Bishop. Kennedy

Mark Bishop

One of the main reasons I joined Trinity in 2006 was that it wasn’t a “typical independent school”. I loved the fact it was more grounded, more diverse and more inclusive than almost any other independent school in the country and there is no doubt that the bursary scheme was a key factor in helping Trinity develop that ethos.


During my 10 years at the school I was delighted to see talented boys, and later talented girls, from whatever background go on to achieve outstanding success. However, nothing gave me quite as much pleasure as seeing boys and girls from anything but privileged backgrounds having a range of opportunities that they might never had if they hadn’t come to Trinity.


I will never forget seeing a number of bursary boys standing on the stage of the Royal Opera House or at Glyndebourne with the Trinity Boys Choir, or seeing both boys and girls on bursaries representing their country in a variety of sports or watching Oxbridge places being won by those whom the school was able to help with their fees.

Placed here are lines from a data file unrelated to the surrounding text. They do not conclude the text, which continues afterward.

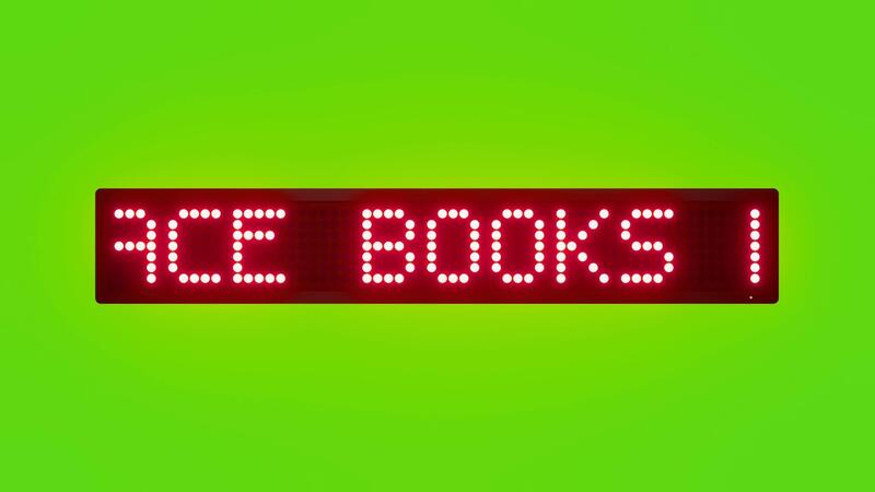 PLACE BOOKS BACK ON THE RETURN TROLLEY Scrolling Red Dot Matrix LED Text Animation on Green Screen Seamless Loop Free Video
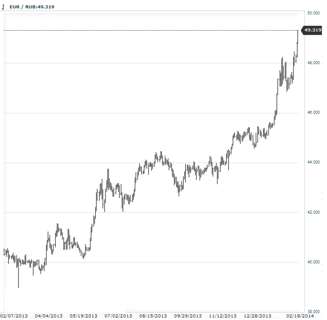 3. Также наблюдаются последствия беспорядков в Украине. С учётом связи двух стран и нарастающего напряжения в Киеве, существует риск того, что Россия будет ещё больше втянута в дела своего соседа. Такое соучастие может принять различные формы, и некоторые из них не слишком привлекательны для рынков капитала.
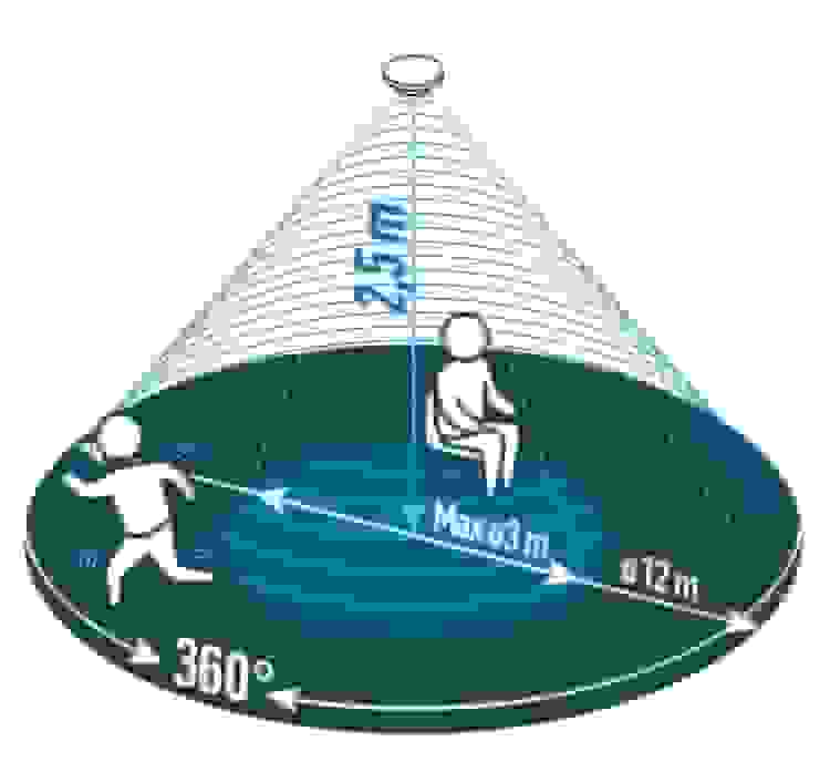 Designed for discreet installation, this compact sensor measures just 115 mm in diameter and 24.3 mm in height. Its slim profile allows seamless integration into ceilings and modern interiors while maintaining powerful and reliable motion detection.

I am acutely aware that very few Trinity students whom I was so fortunate to have been at the school with will have yet amassed significant resources or indeed any resources! Student debt, high rents and Covid-19 will have made sure of that, but I hope that the Trinity Giving Day will at least light a small flame that might allow you one day to help a future student benefit from a Trinity education.


Alasdair Kennedy

Trinity is a wonderful school and undoubtedly we have a community that is richly resourced with opportunities for learning of all kinds. The current global pandemic draws this privilege and the values we live by into very sharp focus. As former Bank of England Governor Mark Carney once asked in an Economist article, will we be marked out as an institution that is known for sharing or for hoarding?


I believe Trinity students and alumni recognise that the diversity of our community is one of our greatest strengths. The more that our student body represents fully the diversity of the South London population, the stronger we become, and the better we can prepare our young people to be dynamic and generous participants in our globalised world. The Trinity Bursary scheme is a huge catalyst to this.


Structural inequality is very real in the UK. But we can choose to disrupt age-old patterns of haves and have-nots, so that society supports and is enriched by the potential of all. Every contribution to the Trinity Bursary Fund stops socio-economic disadvantage being a barrier to a great Trinity education. These are young people who can make a difference to our school and to the world beyond when they leave us.  I can’t wait to meet and work alongside the young men and women whose lives will be changed and empowered by your generosity.